-- RECORDS FOR THE EXERCISE follows --

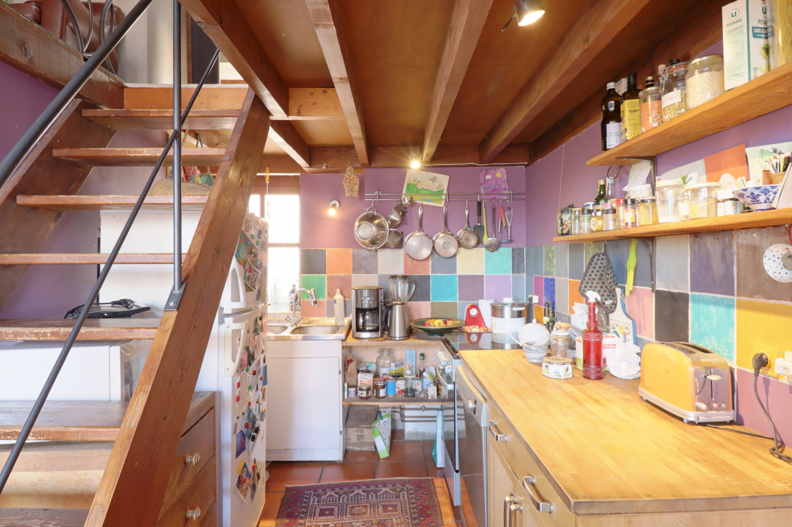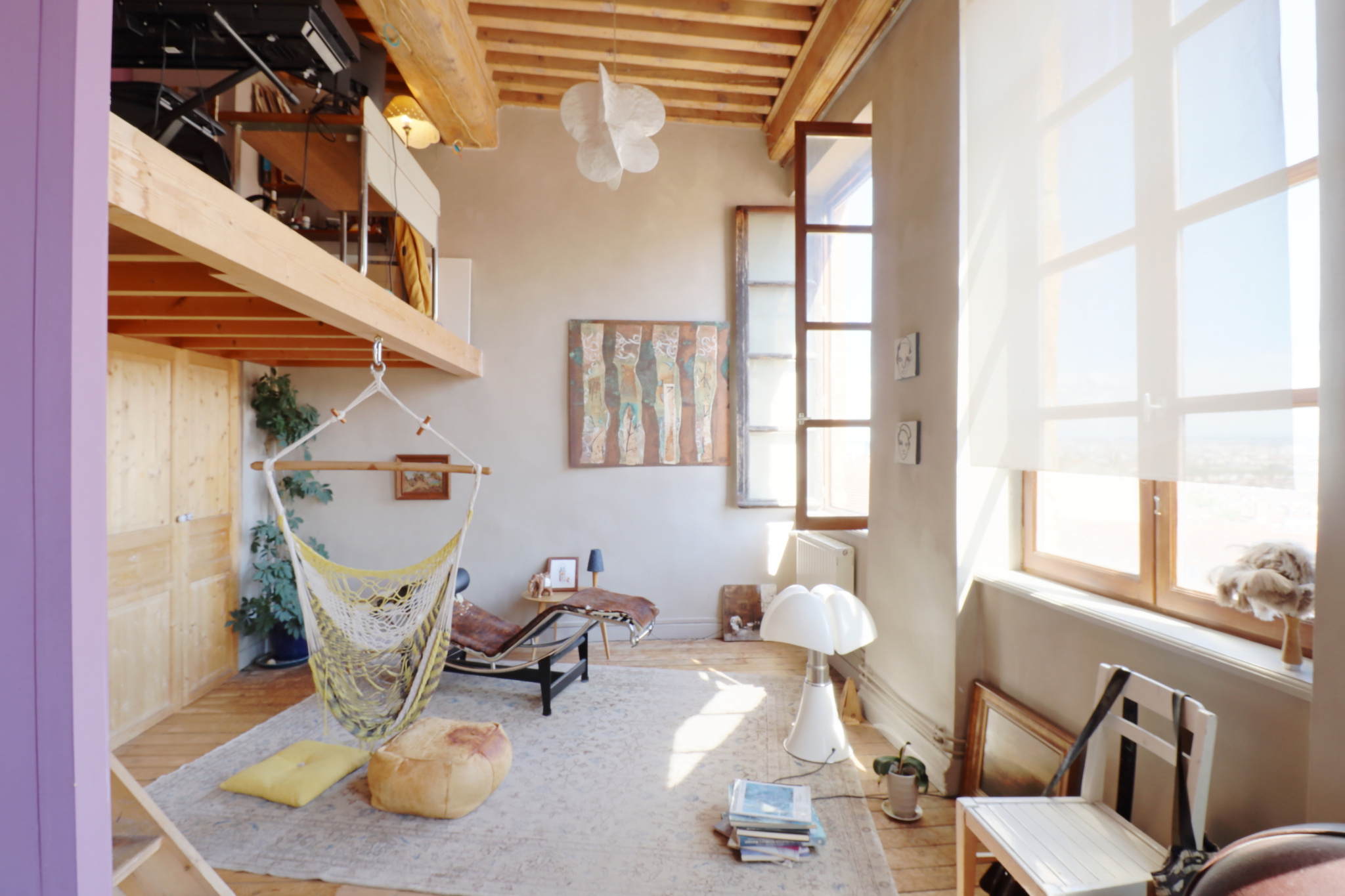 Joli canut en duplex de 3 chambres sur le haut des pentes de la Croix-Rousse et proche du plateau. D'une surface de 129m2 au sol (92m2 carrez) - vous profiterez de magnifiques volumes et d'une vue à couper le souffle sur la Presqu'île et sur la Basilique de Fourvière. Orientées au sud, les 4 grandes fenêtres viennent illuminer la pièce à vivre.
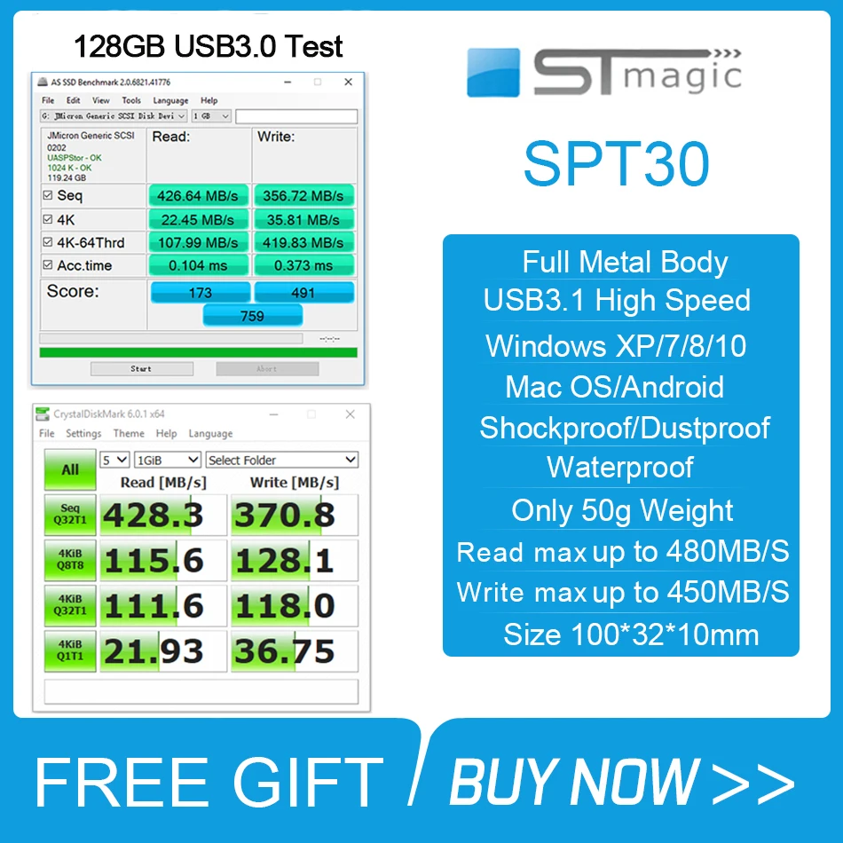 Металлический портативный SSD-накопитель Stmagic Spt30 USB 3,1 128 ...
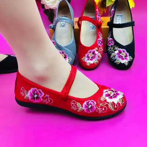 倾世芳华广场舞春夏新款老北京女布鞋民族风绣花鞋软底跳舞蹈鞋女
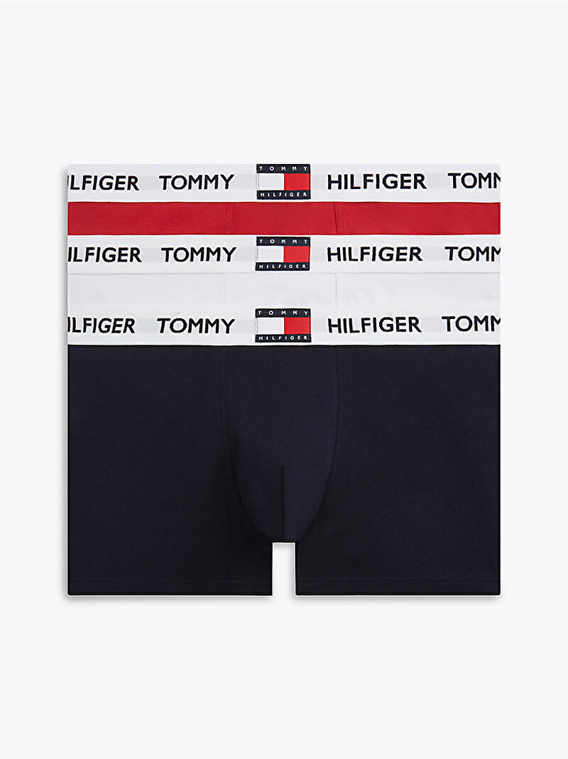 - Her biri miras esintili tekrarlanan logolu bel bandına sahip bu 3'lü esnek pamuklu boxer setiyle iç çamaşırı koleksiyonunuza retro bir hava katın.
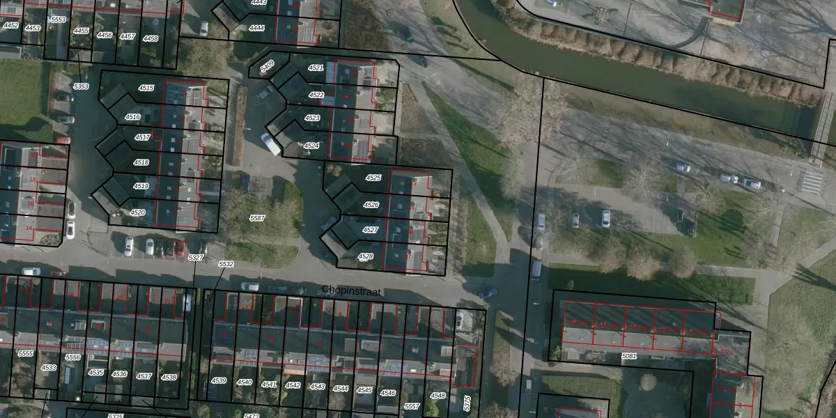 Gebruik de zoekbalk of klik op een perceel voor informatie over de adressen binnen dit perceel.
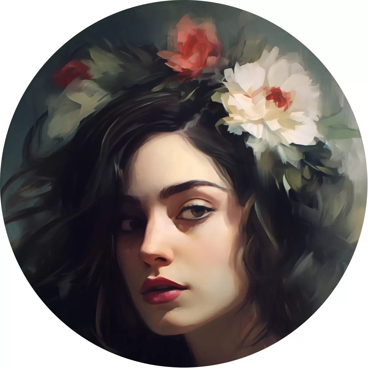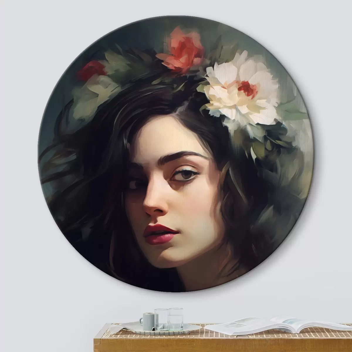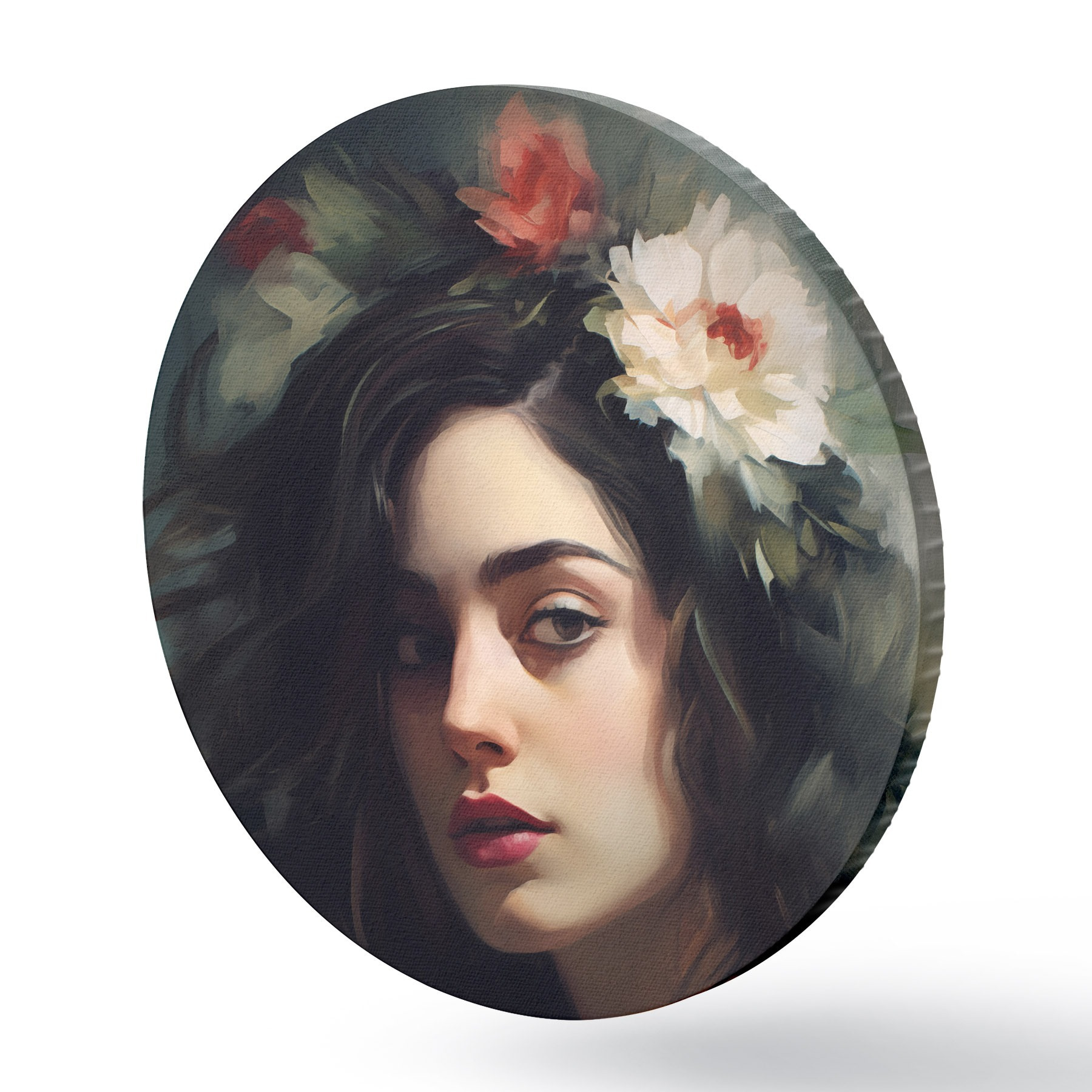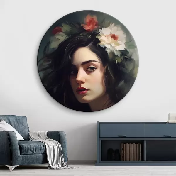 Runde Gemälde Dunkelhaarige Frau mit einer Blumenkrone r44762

-- RECORDS FOR THE EXERCISE concluded --
-- RECORDS FOR THE EXERCISE follows --

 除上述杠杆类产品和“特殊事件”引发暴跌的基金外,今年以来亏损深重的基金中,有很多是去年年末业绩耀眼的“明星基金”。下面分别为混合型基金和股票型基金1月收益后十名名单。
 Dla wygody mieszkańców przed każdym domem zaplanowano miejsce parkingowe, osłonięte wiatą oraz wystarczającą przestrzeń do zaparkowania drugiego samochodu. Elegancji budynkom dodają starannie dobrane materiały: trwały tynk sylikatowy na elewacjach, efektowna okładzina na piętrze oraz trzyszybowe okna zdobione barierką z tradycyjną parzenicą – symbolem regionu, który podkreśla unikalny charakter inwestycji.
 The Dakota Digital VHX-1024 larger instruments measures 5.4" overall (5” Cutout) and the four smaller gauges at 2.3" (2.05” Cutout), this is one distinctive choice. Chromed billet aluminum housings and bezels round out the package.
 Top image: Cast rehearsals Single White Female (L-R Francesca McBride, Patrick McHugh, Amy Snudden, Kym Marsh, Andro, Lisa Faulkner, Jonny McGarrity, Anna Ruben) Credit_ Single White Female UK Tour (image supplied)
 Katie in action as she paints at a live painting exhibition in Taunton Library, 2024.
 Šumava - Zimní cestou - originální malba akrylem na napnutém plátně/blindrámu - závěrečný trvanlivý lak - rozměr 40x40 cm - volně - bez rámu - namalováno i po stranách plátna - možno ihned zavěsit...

-- RECORDS FOR THE EXERCISE concluded --
-- RECORDS FOR THE EXERCISE follows --

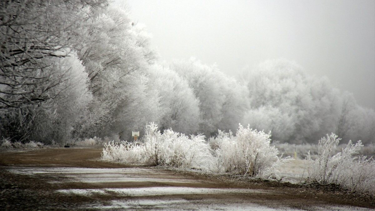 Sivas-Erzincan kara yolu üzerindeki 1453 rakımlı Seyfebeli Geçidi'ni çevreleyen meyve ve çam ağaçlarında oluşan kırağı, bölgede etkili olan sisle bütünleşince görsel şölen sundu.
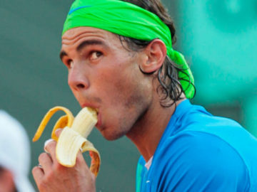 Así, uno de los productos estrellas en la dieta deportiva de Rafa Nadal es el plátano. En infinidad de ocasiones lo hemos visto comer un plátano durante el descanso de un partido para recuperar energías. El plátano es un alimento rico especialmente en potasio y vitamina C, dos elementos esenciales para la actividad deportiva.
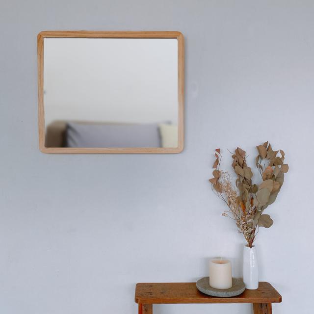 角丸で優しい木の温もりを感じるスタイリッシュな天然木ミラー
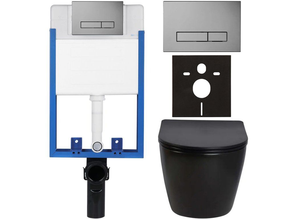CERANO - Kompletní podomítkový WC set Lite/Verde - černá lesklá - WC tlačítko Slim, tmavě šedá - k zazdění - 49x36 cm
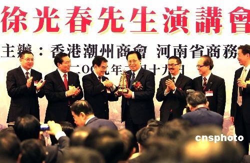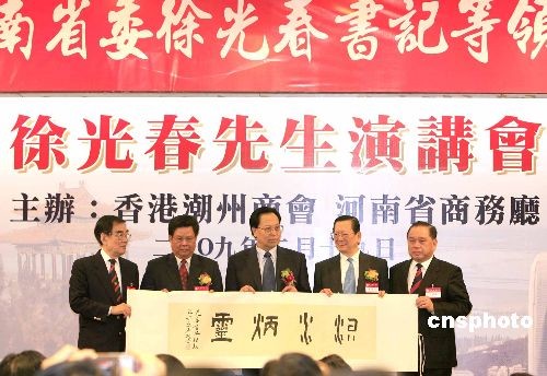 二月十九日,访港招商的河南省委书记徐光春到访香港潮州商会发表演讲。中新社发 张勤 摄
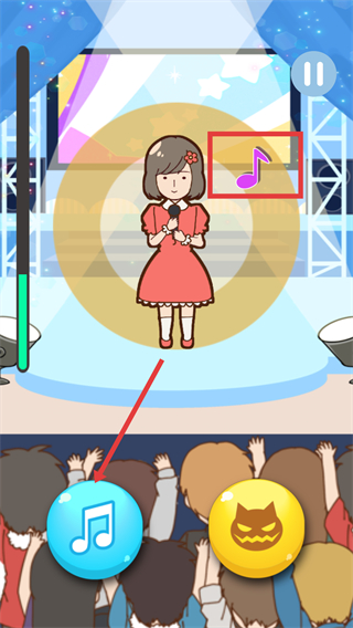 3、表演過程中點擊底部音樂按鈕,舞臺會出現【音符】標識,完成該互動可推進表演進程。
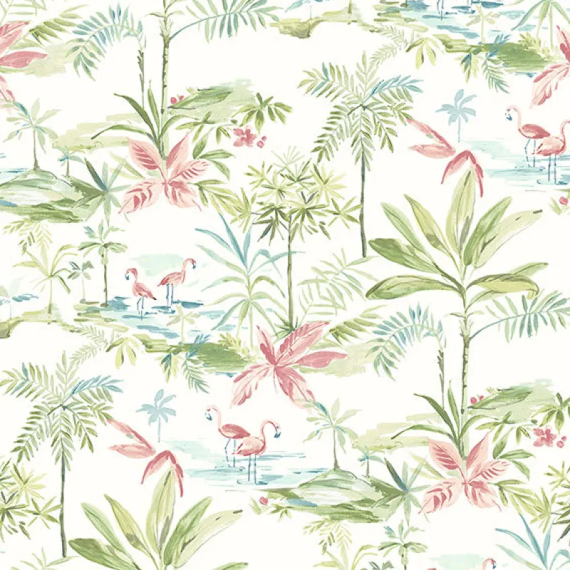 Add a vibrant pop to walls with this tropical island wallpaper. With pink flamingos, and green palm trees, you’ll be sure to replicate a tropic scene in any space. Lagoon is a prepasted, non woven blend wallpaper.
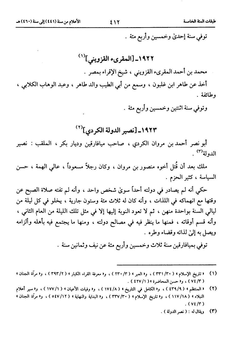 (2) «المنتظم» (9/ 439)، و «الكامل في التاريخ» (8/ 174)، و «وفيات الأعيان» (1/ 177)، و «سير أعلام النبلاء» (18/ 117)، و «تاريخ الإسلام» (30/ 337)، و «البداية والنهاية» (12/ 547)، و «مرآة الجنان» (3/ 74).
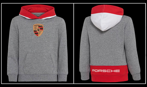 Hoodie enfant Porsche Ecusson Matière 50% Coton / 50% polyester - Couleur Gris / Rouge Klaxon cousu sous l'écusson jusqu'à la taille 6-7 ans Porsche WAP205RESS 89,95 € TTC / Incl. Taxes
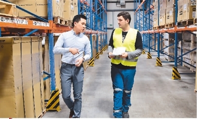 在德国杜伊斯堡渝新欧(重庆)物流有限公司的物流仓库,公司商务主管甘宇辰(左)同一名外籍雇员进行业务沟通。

-- RECORDS FOR THE EXERCISE concluded --

● **YOUR ASSIGNMENT**
Since the pictures are not part of the copy, please transcribe only the lines above from the one with "Joli canut en" through the one with "Runde Gemälde Dunkelhaarige Frau", exactly and with both ends.

● **RESPONSE TO THIS TASK**
 Joli canut en duplex de 3 chambres sur le haut des pentes de la Croix-Rousse et proche du plateau. D'une surface de 129m2 au sol (92m2 carrez) - vous profiterez de magnifiques volumes et d'une vue à couper le souffle sur la Presqu'île et sur la Basilique de Fourvière. Orientées au sud, les 4 grandes fenêtres viennent illuminer la pièce à vivre.
 Металлический портативный SSD-накопитель Stmagic Spt30 USB 3,1 128 ...
 倾世芳华广场舞春夏新款老北京女布鞋民族风绣花鞋软底跳舞蹈鞋女
 - Her biri miras esintili tekrarlanan logolu bel bandına sahip bu 3'lü esnek pamuklu boxer setiyle iç çamaşırı koleksiyonunuza retro bir hava katın.
 Gebruik de zoekbalk of klik op een perceel voor informatie over de adressen binnen dit perceel.
 Runde Gemälde Dunkelhaarige Frau mit einer Blumenkrone r44762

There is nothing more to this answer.